Exercise inputs: Begin
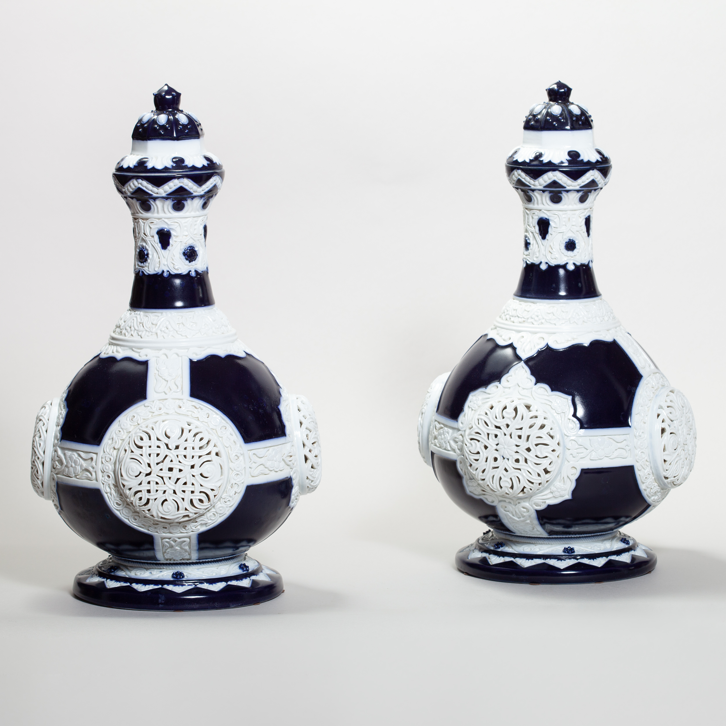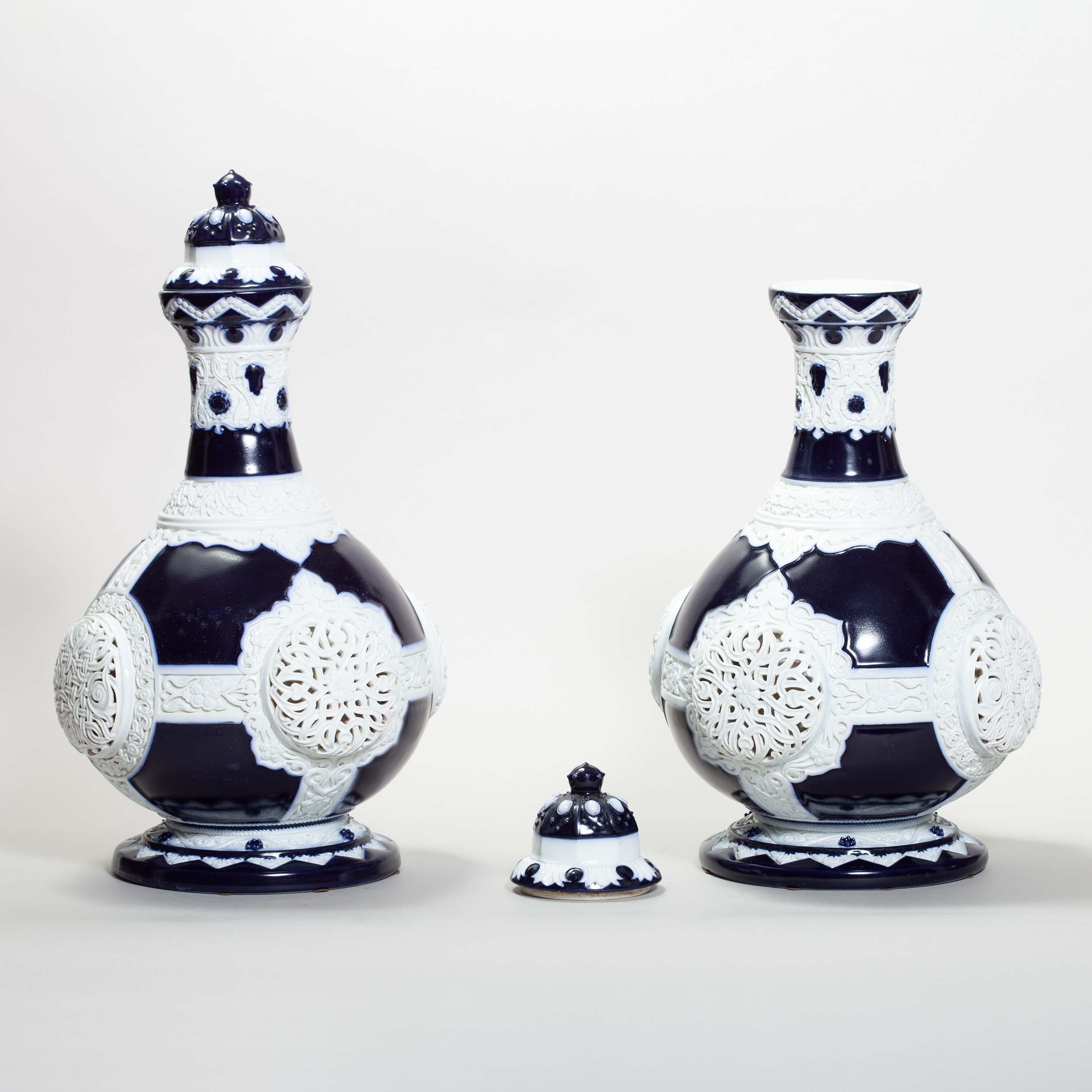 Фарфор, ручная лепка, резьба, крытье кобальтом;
Exercise inputs: End
Exercise inputs: Begin
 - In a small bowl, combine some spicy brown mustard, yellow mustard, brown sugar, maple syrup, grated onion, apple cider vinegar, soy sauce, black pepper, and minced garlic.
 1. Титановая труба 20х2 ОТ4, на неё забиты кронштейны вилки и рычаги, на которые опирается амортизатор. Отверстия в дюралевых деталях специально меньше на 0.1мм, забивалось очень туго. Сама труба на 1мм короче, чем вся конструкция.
Exercise inputs: End
Exercise inputs: Begin
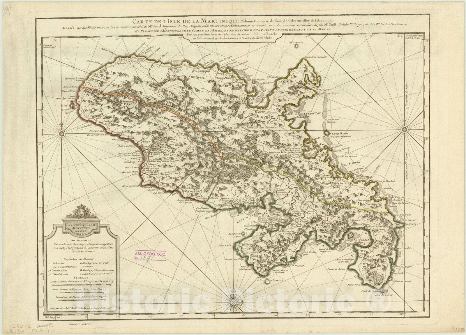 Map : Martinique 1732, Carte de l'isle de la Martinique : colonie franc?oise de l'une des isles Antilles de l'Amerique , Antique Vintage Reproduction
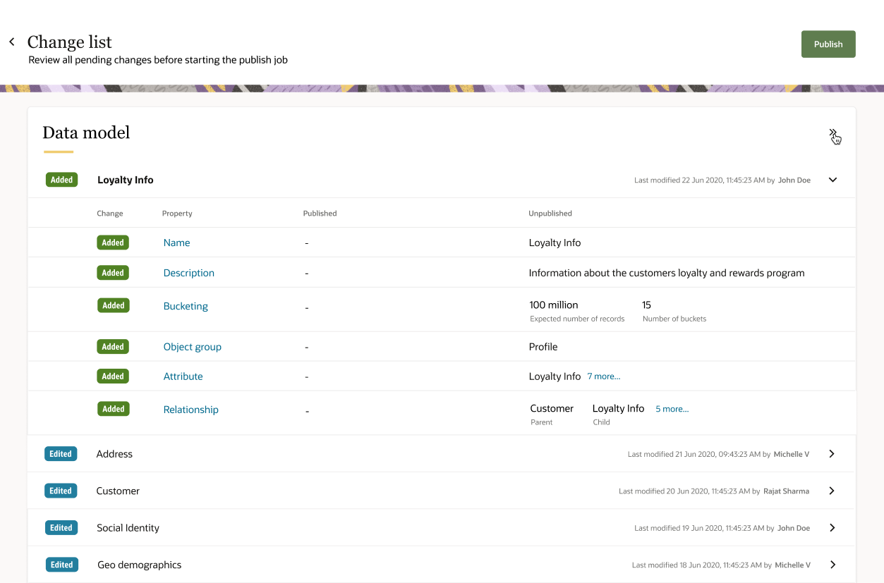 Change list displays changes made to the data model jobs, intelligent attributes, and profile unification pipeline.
Exercise inputs: End
■ Task brief
Retype the records above, but only those lines that fall between the line containing "- In a small" and the line containing "1. Титановая труба", with both of those lines included, exactly as written.

■ Solution for this exercise
 - In a small bowl, combine some spicy brown mustard, yellow mustard, brown sugar, maple syrup, grated onion, apple cider vinegar, soy sauce, black pepper, and minced garlic.
 1. Титановая труба 20х2 ОТ4, на неё забиты кронштейны вилки и рычаги, на которые опирается амортизатор. Отверстия в дюралевых деталях специально меньше на 0.1мм, забивалось очень туго. Сама труба на 1мм короче, чем вся конструкция.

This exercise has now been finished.